Assignment: Running a Chi-Square Test of Independence

Following is the Python program I wrote to fulfill the second assignment of the Data Analysis Tools online course.

I decided to use Jupyter Notebook as it is a pretty way to write code and present results.

As the previous assignment brought me to conclude my initial research question, I will look at a possible relationship between ethnicity (explanatory variable) and use of cannabis (response variable) from the NESARC database. As both variables are categoricals, the Chi-Square Test of Independence is the method to use.


In [1]:
# Magic command to insert the graph directly in the notebook
%matplotlib inline
# Load a useful Python libraries for handling data
import pandas as pd
import numpy as np
import statsmodels.formula.api as smf
import seaborn as sns
import scipy.stats as stats
import matplotlib.pyplot as plt
from IPython.display import Markdown, display

Data management


In [2]:
nesarc = pd.read_csv('nesarc_pds.csv', low_memory=False)

In [3]:
races = {1 : 'White', 
         2 : 'Black', 
         3 : 'American India \n Alaska', 
         4 : 'Asian \n Native Hawaiian \n Pacific',
         5 : 'Hispanic or Latino'}
subnesarc = (nesarc[['S3BQ1A5', 'ETHRACE2A']]
             .assign(S3BQ1A5=lambda x: pd.to_numeric(x['S3BQ1A5'].replace((2, 9), (0, np.nan)), errors='coerce'))
             .assign(ethnicity=lambda x: pd.Categorical(x['ETHRACE2A'].map(races)),
                     use_cannabis=lambda x: pd.Categorical(x['S3BQ1A5']))
             .dropna())
subnesarc.use_cannabis.cat.rename_categories(('No', 'Yes'), inplace=True)

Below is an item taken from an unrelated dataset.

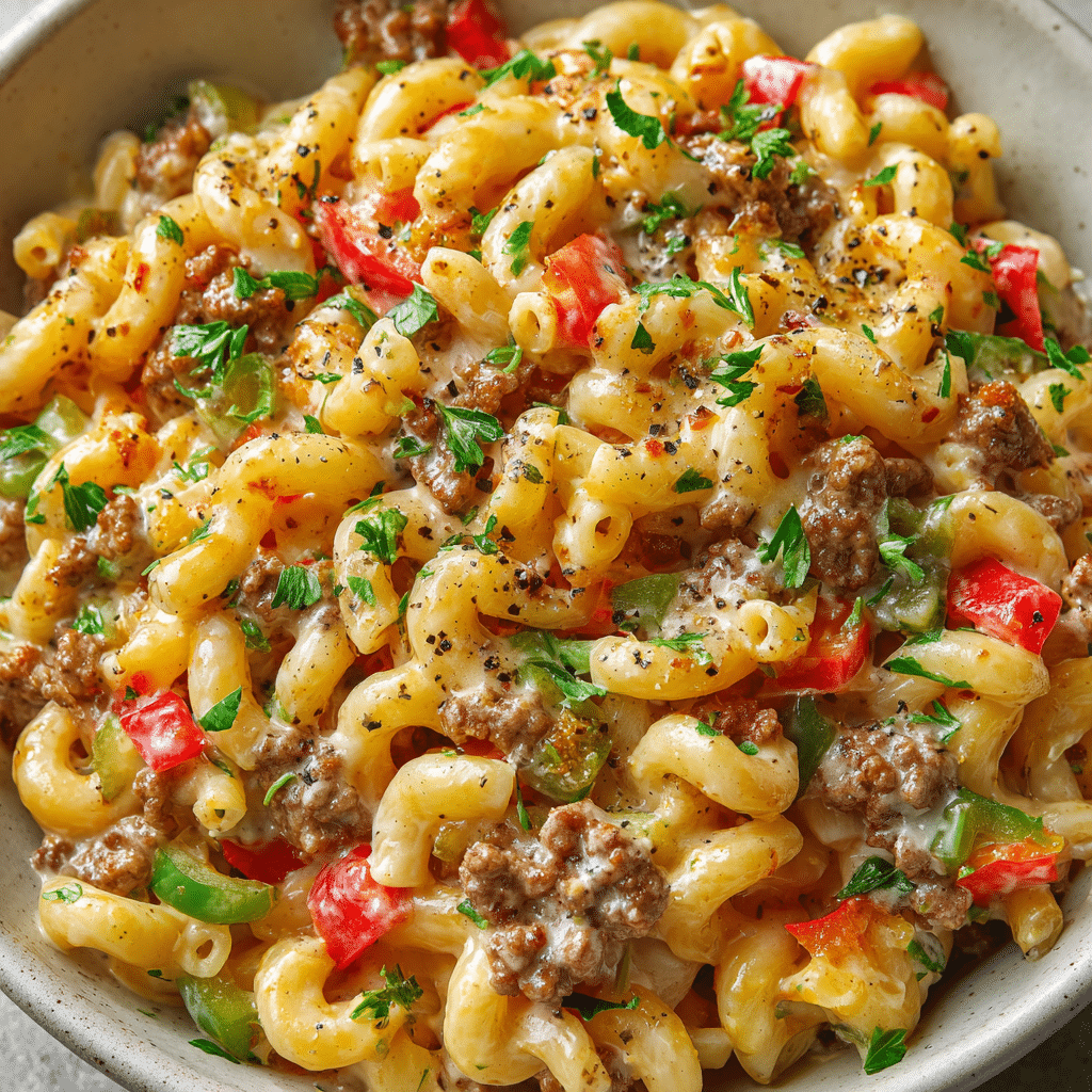 This High-Protein Philly Cheesesteak Mac & Cheese is the ultimate mashup of creamy, cheesy macaroni and savory, beefy Philly cheesesteak goodness. Packed with lean ground beef or steak, sautéed peppers and onions, and a rich but protein-boosted cheese sauce, this recipe delivers on both indulgence and nutritional goals.

First, the distribution of both the use of cannabis and the ethnicity will be shown.


In [4]:
g = sns.countplot(subnesarc['ethnicity'])

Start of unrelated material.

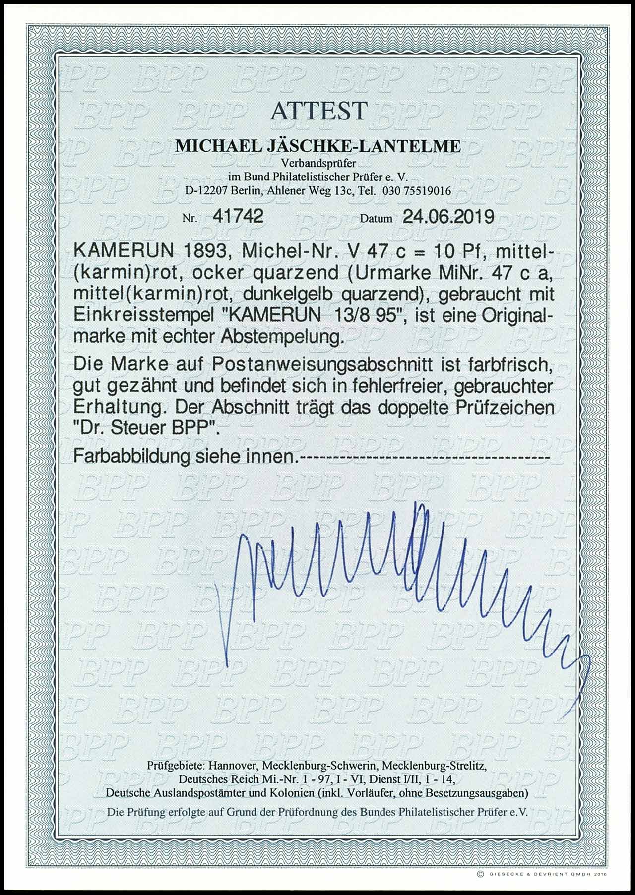 10 Pfennig Krone/Adler mittelkarminrot (UV ocker quarzend - Urmarke MiNr. 47 ca), entwertet mit Einkreisstempel "KAMERUN 13/8 95" auf Postanweisungsabschnitt, tadellose Erhaltung, geprüft Dr. Steuer BPP, Fotoattest Michael Jäschke-Lantelme BPP (2019) "in fehlerfreier, gebrauchter Erhaltung."

_ = plt.title('Distribution of the ethnicity')



In [5]:
g = sns.countplot(subnesarc['use_cannabis'])
_ = plt.title('Distribution of ever use cannabis')


Variance analysis

Now that the univariate distribution as be plotted and described, the bivariate graphics will be plotted in order to test our research hypothesis.

From the bivariate graphic below, it seems that there are some differences. For example American Indian versus Asian seems quite different.


In [6]:
g = sns.factorplot(x='ethnicity', y='S3BQ1A5', data=subnesarc, 
                   kind="bar", ci=None)
g.set_xticklabels(rotation=90)
plt.ylabel('Ever use cannabis')
_ = plt.title('Average number of cannabis user depending on the ethnicity')



In [7]:
ct1 = pd.crosstab(subnesarc.use_cannabis, subnesarc.ethnicity)
display(Markdown("Contingency table of observed counts"))
ct1


Contingency table of observed counts

Out[7]:
ethnicity American India Alaska Asian Native Hawaiian Pacific Black Hispanic or Latino White
use_cannabis
No 482 1186 6847 7077 18961
Yes 212 142 1303 1174 5341

In [8]:
# Note: normalize keyword is available starting from pandas version 0.18.1
ct2 = ct1/ct1.sum(axis=0)
display(Markdown("Contingency table of observed counts normalized over each columns"))
ct2


Contingency table of observed counts normalized over each columns

Out[8]:
ethnicity American India Alaska Asian Native Hawaiian Pacific Black Hispanic or Latino White
use_cannabis
No 0.694524 0.893072 0.840123 0.857714 0.780224
Yes 0.305476 0.106928 0.159877 0.142286 0.219776

The Chi-Square test will be applied on the all data to test the following hypothesis :

  • The null hypothesis is There is no relationship between the use of cannabis and the ethnicity.
  • The alternate hypothesis is There is a relationship between the use of cannabis and the ethnicity.

In [9]:
stats.chi2_contingency(ct1)


Out[9]:
(427.16448568948812,
 3.7497669790156457e-91,
 4,
 array([[   561.25879462,   1073.99377414,   6591.15155061,   6672.83330603,
          19653.76257461],
        [   132.74120538,    254.00622586,   1558.84844939,   1578.16669397,
           4648.23742539]]))

The p-value of 3.7e-91 confirm that the null hypothesis can be safetly rejected.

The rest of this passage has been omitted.